We have two hydrogen atoms, one carbon and one oxygen. Carbon and oxygen both lie on the $C_2$ axis so we can consider them separately, but we should use group orbitals for the hydrogens (I am defining the $yz$ plane to be the plane of the molecule). Luckily, they only have s orbitals, so it doesn’t get too complicated. Check out how the s-orbitals transform with the different symmetry operations to find their irreducible representations: $\mathrm{A_1 + B_2}$. Carbon and oxygen each have an s orbital and three p orbitals which will transform in the same way: the s orbital as $\mathrm{A_1}$ (naturally), the p orbitals transform as $\mathrm{A_1 + B_1 + B_2}$ (for $\mathrm{p}_z, \mathrm{p}_x$ and $\mathrm{p}_y$, respectively).

Thus, we have five atomic (or group) orbitals of the $\mathrm{A_1}$ type which will combine to form most of the σ bonds, three of the $\mathrm{B_2}$ which will also combine to σ bonds and two of the $\mathrm{B_1}$ type which will combine to form π bonds. Had we chosen water, we would only have had six orbitals altogether transforming as $\mathrm{3 A_1 + B_1 + 2 B_2}$ — a clear distinction showing that the diagrams cannot always be the same.

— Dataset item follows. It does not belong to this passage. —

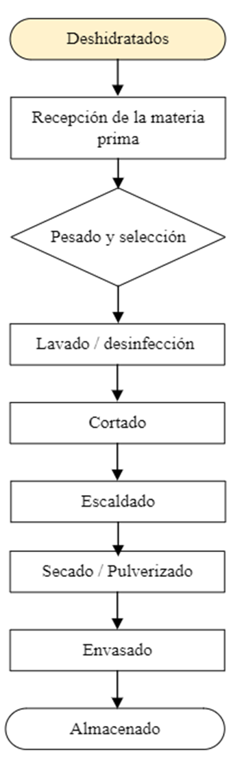 En esta sección se tomó en cuenta la industrialización alimentaria. A partir de la revisión en diferentes fuentes bibliográficas, se encontró que existe potencial en el consumo de estos productos sean preparados o mínimamente procesados, como es el caso de producción de despulpado, jugos, mermeladas entre otros procesos industriales con el fin de ser una fuente económica de algunos pobladores de comunidades o simplemente para alargar la vida útil de cada producto (Montero, 2018). En la figura 1, se describe en el diagrama de flujo a seguir para la producción de industrialización de jugos, néctares, mermeladas y deshidratados.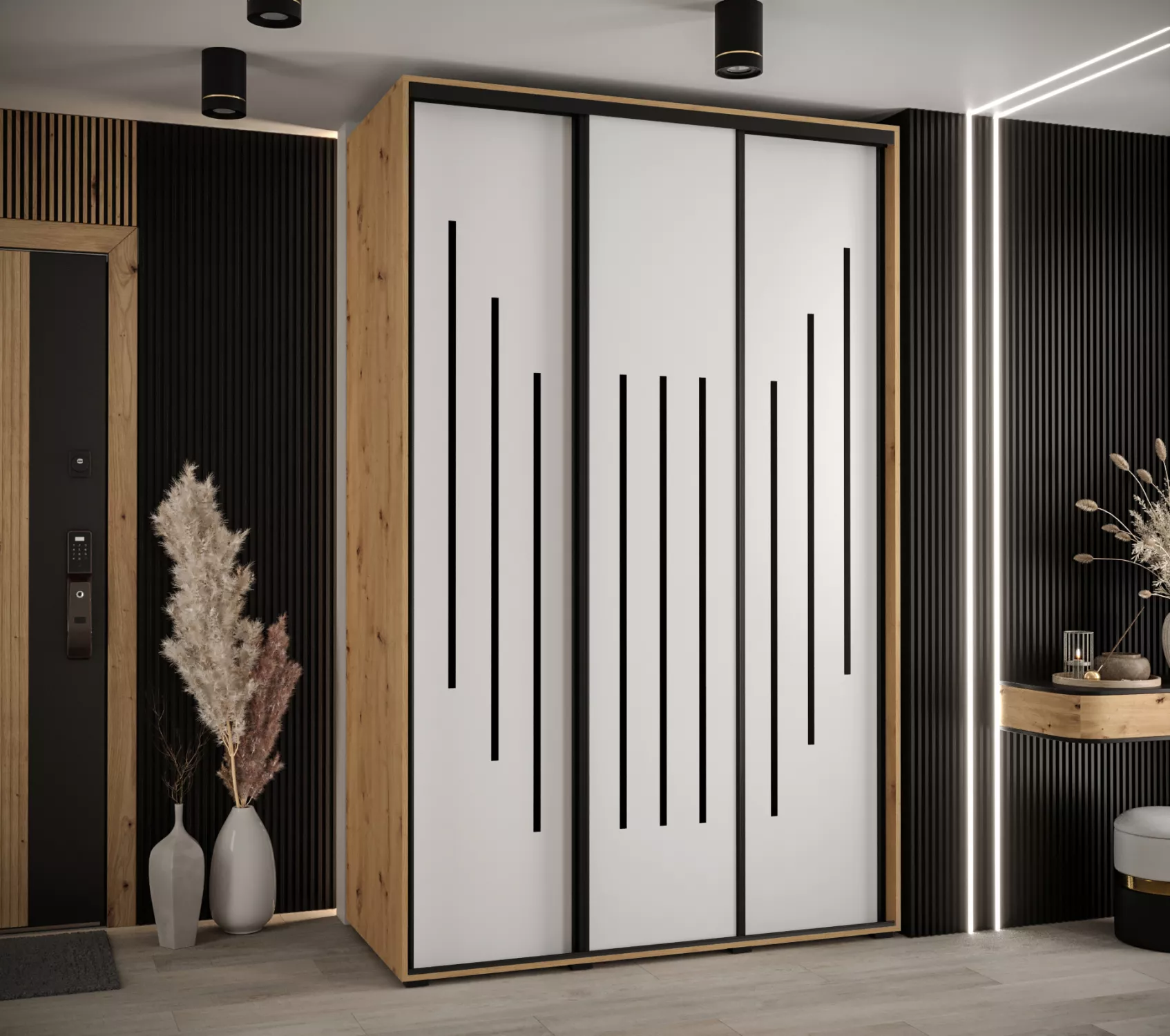 Šatní skříň YVONA 8 - 160/60 cm, dub artisan / bílá / černá

We now have to estimate the energy levels the orbitals initially have. It is a good guess to put the highest-energy atomic orbital at the respective atom’s ionisation energy; then you would just have to esimate a lower level for the s orbitals of carbon and oxygen. With these levels in hand, you can educatedly guess the different energy levels of the resulting molecular orbitals and educatedly guess what the orbital would look like: The resulting MO must transform in the same way as the AOs used to build it. So any $\mathrm{A_1}$ orbital will be symmetric to any symmetry operation while $\mathrm{B_2}$ will always have a nodal plane in the $\ce{C=O}$ bond axis, etc. I’m sure you can now come up with a well-educated guess of the formaldehyde orbitals; you can check out what they actually look like on the homepage of Professor Zipse. (You can ignore the accompanying German text. The higher-level antibonding MOs LUMO+2 and LUMO+3 that are required by theory are not shown; one must be $\mathrm{B_2}$, the other $\mathrm{A_1}$.)